# [Exercise brief]
Beginning at the line that contains "Fig. 3a. Eagles", repeat each line exactly through the last one of the records below, and leave out the pictures.
Task material Block Start
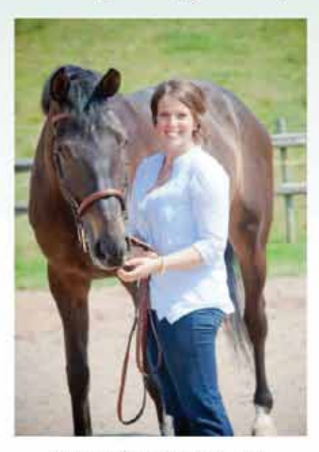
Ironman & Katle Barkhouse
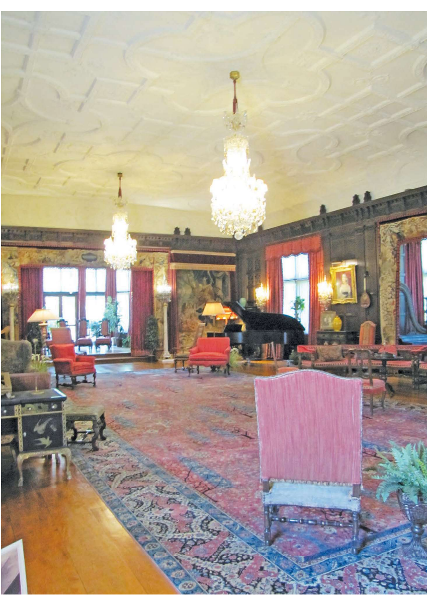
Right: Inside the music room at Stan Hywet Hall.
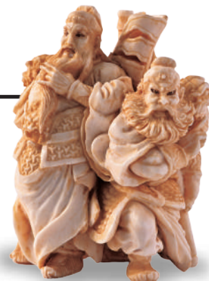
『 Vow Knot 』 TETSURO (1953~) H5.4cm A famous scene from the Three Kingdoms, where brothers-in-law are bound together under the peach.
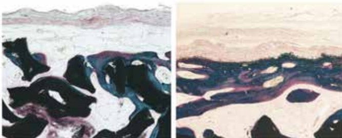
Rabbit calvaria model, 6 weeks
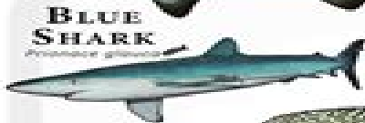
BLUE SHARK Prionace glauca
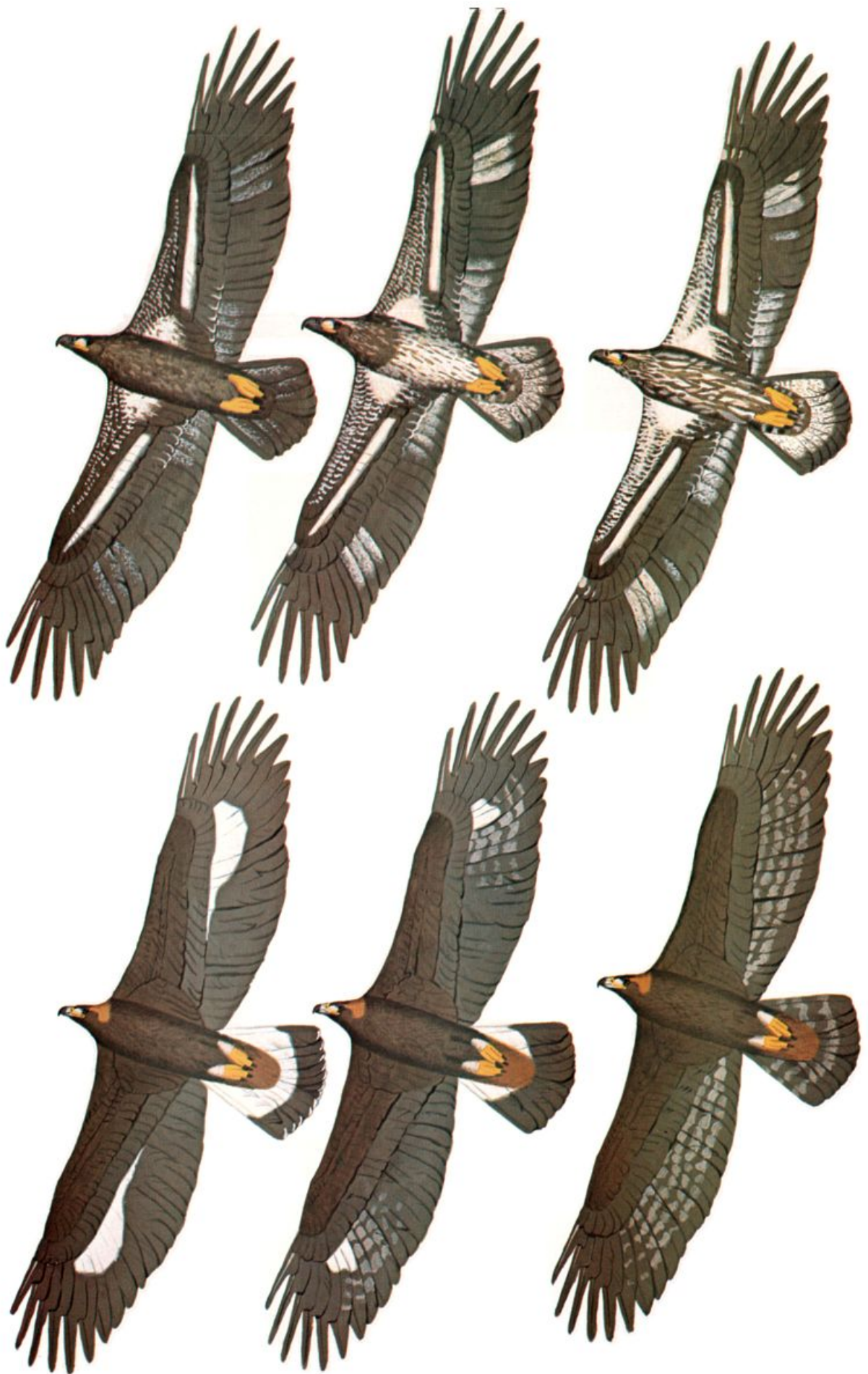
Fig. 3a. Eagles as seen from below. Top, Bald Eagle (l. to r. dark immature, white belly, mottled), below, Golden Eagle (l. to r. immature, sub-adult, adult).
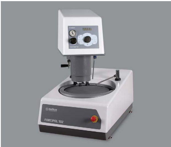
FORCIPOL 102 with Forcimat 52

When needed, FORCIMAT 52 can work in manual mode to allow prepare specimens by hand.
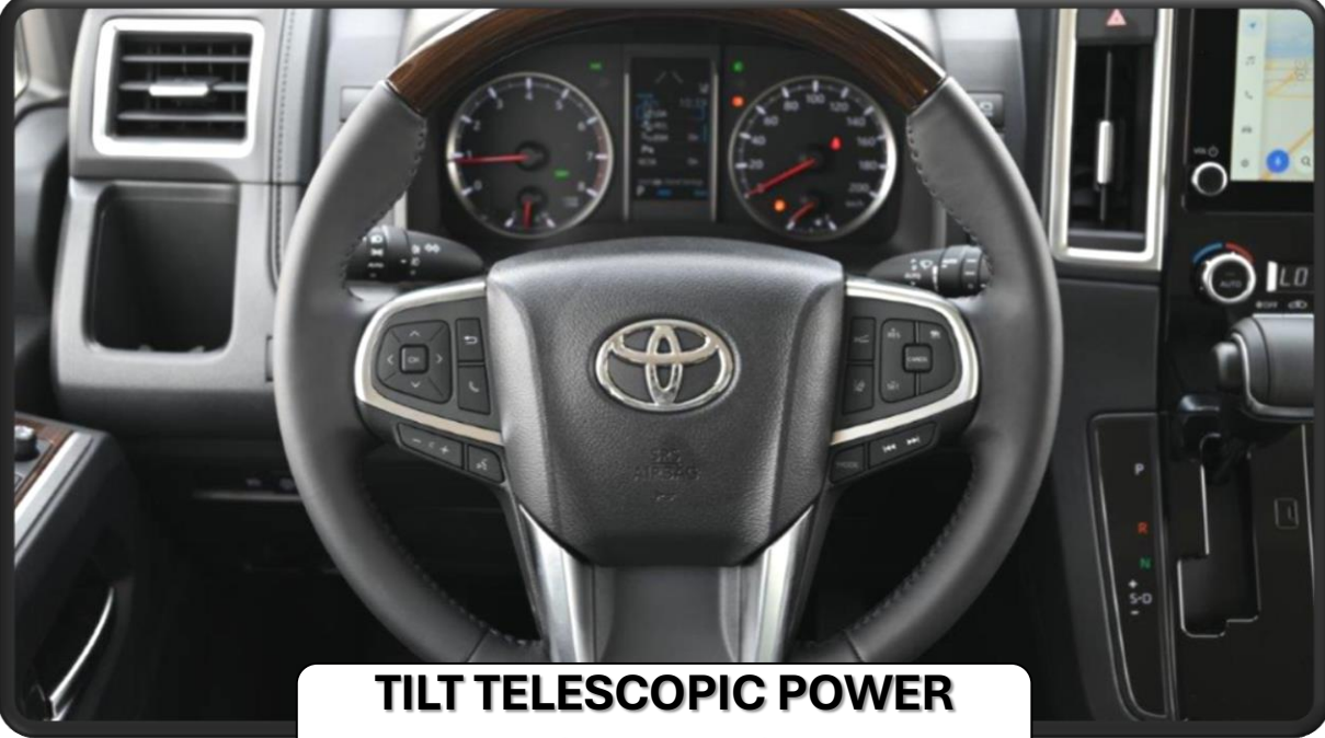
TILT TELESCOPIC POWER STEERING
Task material Block End
# [Solved problem]
Fig. 3a. Eagles as seen from below. Top, Bald Eagle (l. to r. dark immature, white belly, mottled), below, Golden Eagle (l. to r. immature, sub-adult, adult).
FORCIPOL 102 with Forcimat 52

When needed, FORCIMAT 52 can work in manual mode to allow prepare specimens by hand.
TILT TELESCOPIC POWER STEERING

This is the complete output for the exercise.